### Extracted records

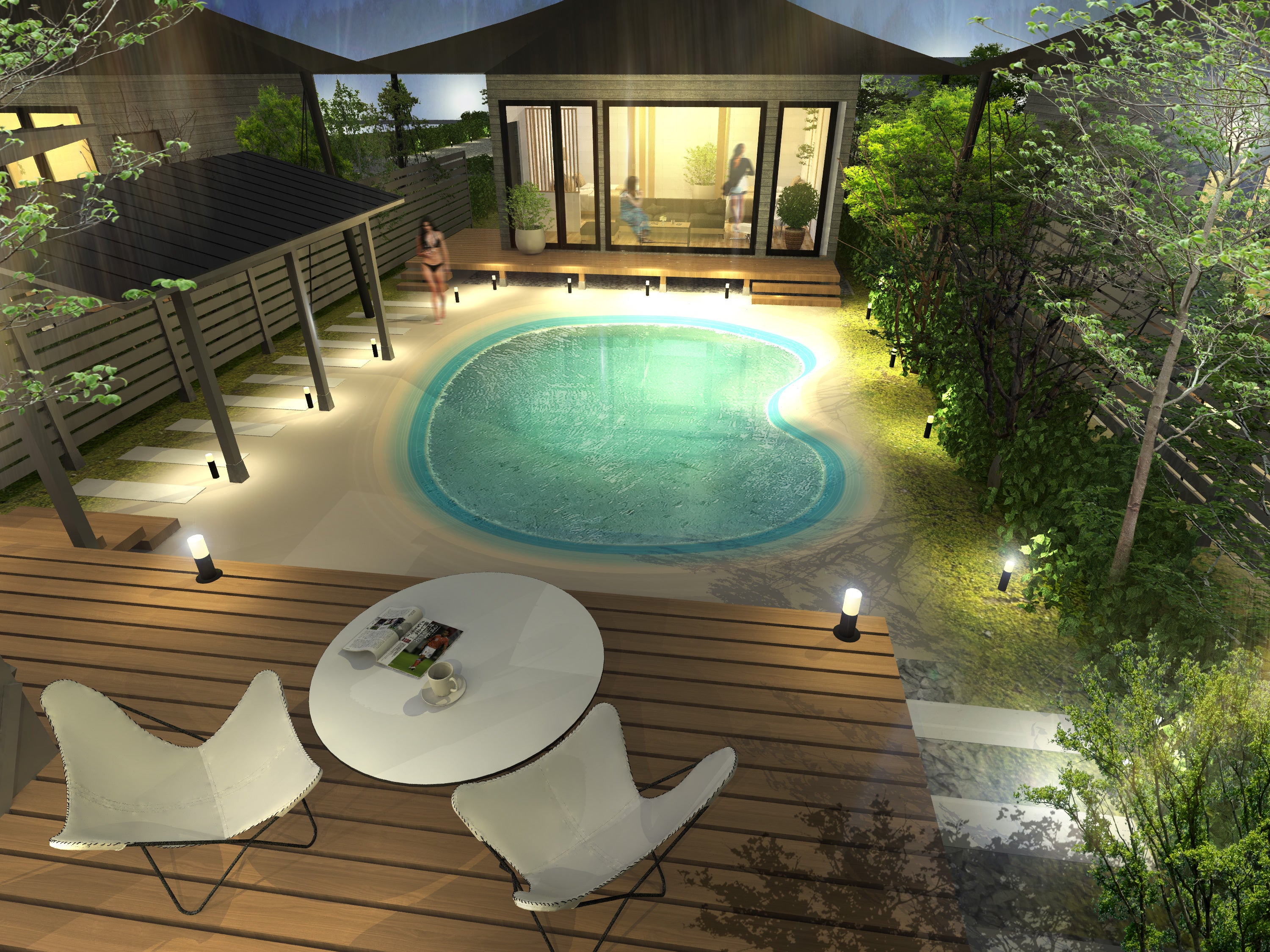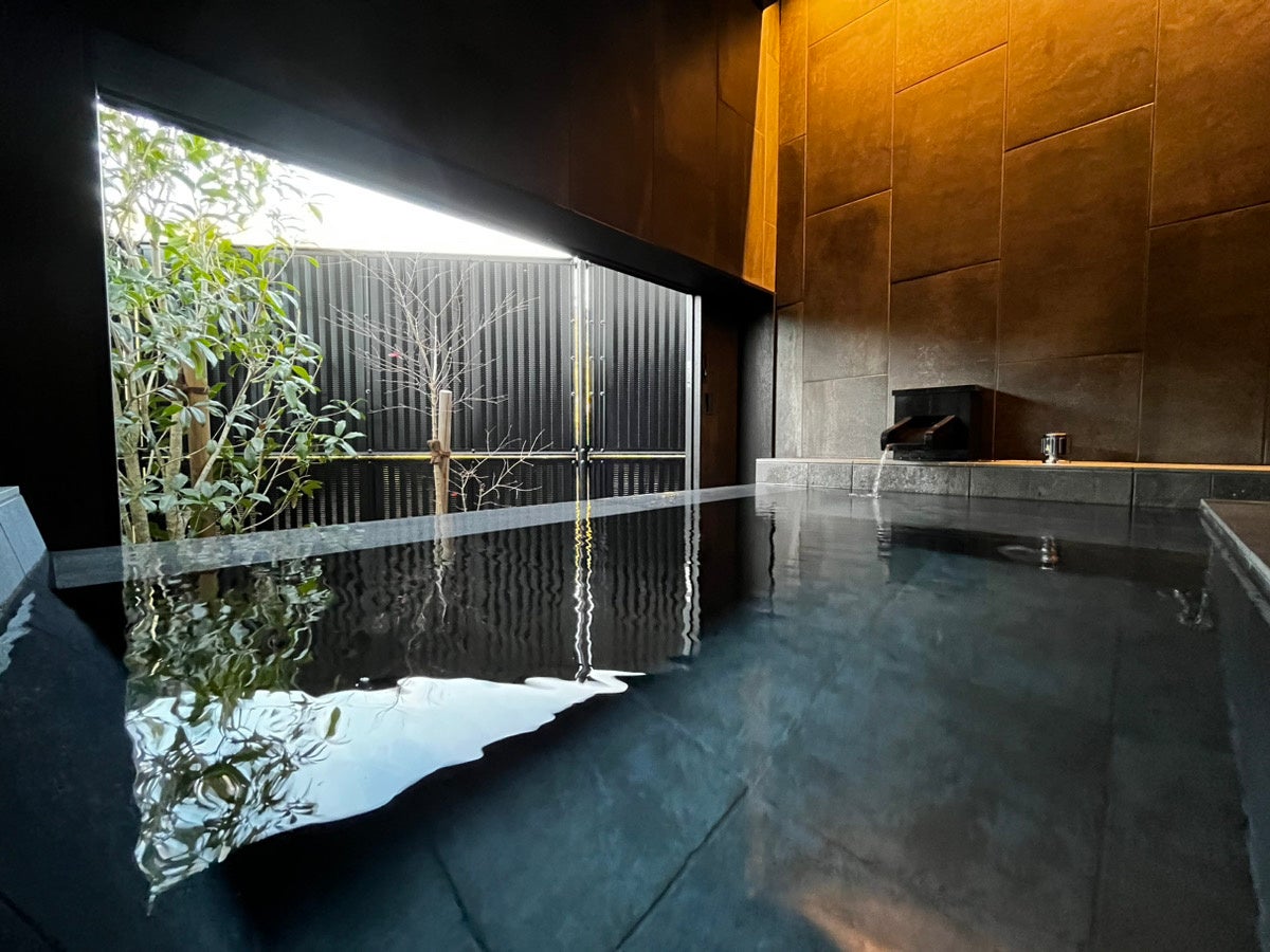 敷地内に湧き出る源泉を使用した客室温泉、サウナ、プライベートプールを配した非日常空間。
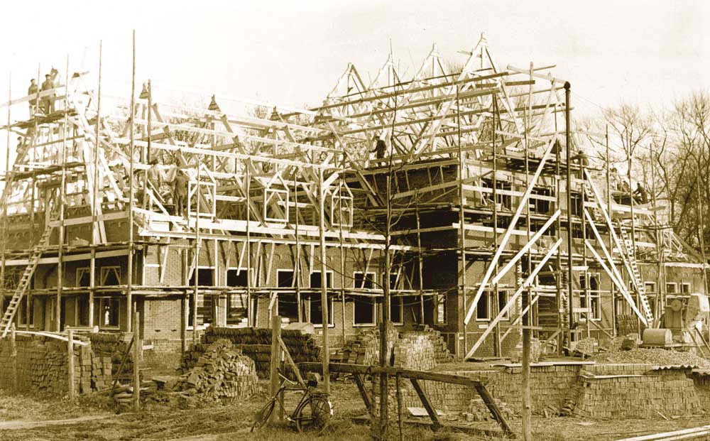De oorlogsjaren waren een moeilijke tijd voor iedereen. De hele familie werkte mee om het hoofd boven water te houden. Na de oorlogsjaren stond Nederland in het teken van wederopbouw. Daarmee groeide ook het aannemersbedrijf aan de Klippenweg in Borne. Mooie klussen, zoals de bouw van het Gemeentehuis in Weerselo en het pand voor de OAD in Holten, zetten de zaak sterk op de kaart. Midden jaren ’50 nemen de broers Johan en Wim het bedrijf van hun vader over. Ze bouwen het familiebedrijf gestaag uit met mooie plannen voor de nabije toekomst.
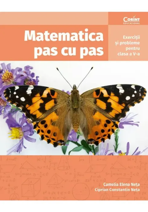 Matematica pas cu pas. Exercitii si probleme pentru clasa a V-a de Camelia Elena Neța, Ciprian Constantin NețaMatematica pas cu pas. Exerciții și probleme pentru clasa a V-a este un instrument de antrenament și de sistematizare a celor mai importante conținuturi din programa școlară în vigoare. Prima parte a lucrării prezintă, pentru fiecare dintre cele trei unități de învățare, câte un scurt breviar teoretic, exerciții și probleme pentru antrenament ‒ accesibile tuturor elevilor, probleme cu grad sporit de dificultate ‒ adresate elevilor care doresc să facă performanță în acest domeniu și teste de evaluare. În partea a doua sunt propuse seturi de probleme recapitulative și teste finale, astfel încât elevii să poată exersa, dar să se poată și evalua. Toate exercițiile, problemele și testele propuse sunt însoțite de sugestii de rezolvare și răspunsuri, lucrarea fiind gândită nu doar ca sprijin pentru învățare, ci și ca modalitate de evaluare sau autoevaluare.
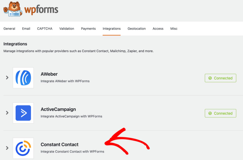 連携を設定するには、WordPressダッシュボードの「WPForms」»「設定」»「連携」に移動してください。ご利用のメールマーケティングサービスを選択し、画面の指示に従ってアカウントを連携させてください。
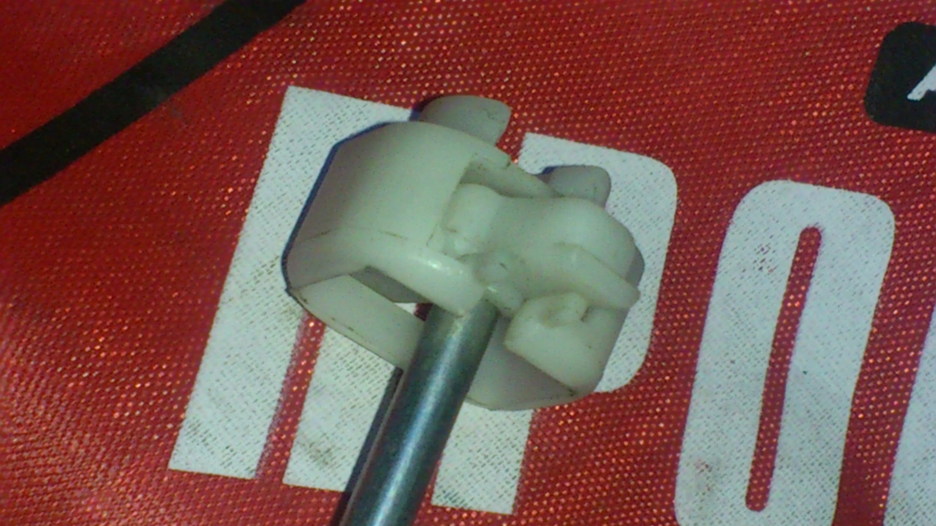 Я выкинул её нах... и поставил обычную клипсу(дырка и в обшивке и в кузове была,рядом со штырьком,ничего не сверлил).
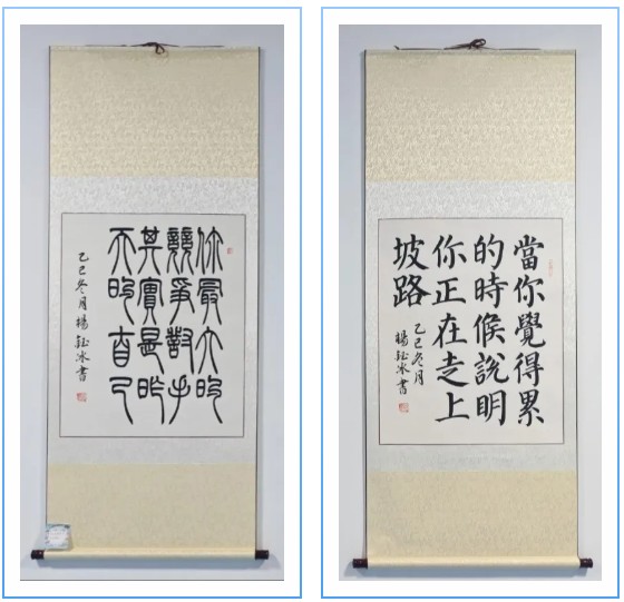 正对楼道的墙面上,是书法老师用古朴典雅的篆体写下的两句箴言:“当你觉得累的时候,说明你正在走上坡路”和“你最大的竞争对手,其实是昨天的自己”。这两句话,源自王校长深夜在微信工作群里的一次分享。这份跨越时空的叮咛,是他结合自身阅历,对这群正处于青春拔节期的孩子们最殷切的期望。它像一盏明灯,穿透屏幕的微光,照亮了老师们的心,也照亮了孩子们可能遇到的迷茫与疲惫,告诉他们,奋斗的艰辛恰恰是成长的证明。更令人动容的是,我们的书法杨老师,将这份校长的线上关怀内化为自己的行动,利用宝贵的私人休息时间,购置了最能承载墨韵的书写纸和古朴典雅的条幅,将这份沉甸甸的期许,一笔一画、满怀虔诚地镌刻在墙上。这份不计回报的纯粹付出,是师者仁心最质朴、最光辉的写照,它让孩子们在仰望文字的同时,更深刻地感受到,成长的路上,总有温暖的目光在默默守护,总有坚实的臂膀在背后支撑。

### Work item
Return the listing above in an exact copy that leaves out the images.

### Written answer
 敷地内に湧き出る源泉を使用した客室温泉、サウナ、プライベートプールを配した非日常空間。
De oorlogsjaren waren een moeilijke tijd voor iedereen. De hele familie werkte mee om het hoofd boven water te houden. Na de oorlogsjaren stond Nederland in het teken van wederopbouw. Daarmee groeide ook het aannemersbedrijf aan de Klippenweg in Borne. Mooie klussen, zoals de bouw van het Gemeentehuis in Weerselo en het pand voor de OAD in Holten, zetten de zaak sterk op de kaart. Midden jaren ’50 nemen de broers Johan en Wim het bedrijf van hun vader over. Ze bouwen het familiebedrijf gestaag uit met mooie plannen voor de nabije toekomst.
 Matematica pas cu pas. Exercitii si probleme pentru clasa a V-a de Camelia Elena Neța, Ciprian Constantin NețaMatematica pas cu pas. Exerciții și probleme pentru clasa a V-a este un instrument de antrenament și de sistematizare a celor mai importante conținuturi din programa școlară în vigoare. Prima parte a lucrării prezintă, pentru fiecare dintre cele trei unități de învățare, câte un scurt breviar teoretic, exerciții și probleme pentru antrenament ‒ accesibile tuturor elevilor, probleme cu grad sporit de dificultate ‒ adresate elevilor care doresc să facă performanță în acest domeniu și teste de evaluare. În partea a doua sunt propuse seturi de probleme recapitulative și teste finale, astfel încât elevii să poată exersa, dar să se poată și evalua. Toate exercițiile, problemele și testele propuse sunt însoțite de sugestii de rezolvare și răspunsuri, lucrarea fiind gândită nu doar ca sprijin pentru învățare, ci și ca modalitate de evaluare sau autoevaluare.
 連携を設定するには、WordPressダッシュボードの「WPForms」»「設定」»「連携」に移動してください。ご利用のメールマーケティングサービスを選択し、画面の指示に従ってアカウントを連携させてください。
 Я выкинул её нах... и поставил обычную клипсу(дырка и в обшивке и в кузове была,рядом со штырьком,ничего не сверлил).
 正对楼道的墙面上,是书法老师用古朴典雅的篆体写下的两句箴言:“当你觉得累的时候,说明你正在走上坡路”和“你最大的竞争对手,其实是昨天的自己”。这两句话,源自王校长深夜在微信工作群里的一次分享。这份跨越时空的叮咛,是他结合自身阅历,对这群正处于青春拔节期的孩子们最殷切的期望。它像一盏明灯,穿透屏幕的微光,照亮了老师们的心,也照亮了孩子们可能遇到的迷茫与疲惫,告诉他们,奋斗的艰辛恰恰是成长的证明。更令人动容的是,我们的书法杨老师,将这份校长的线上关怀内化为自己的行动,利用宝贵的私人休息时间,购置了最能承载墨韵的书写纸和古朴典雅的条幅,将这份沉甸甸的期许,一笔一画、满怀虔诚地镌刻在墙上。这份不计回报的纯粹付出,是师者仁心最质朴、最光辉的写照,它让孩子们在仰望文字的同时,更深刻地感受到,成长的路上,总有温暖的目光在默默守护,总有坚实的臂膀在背后支撑。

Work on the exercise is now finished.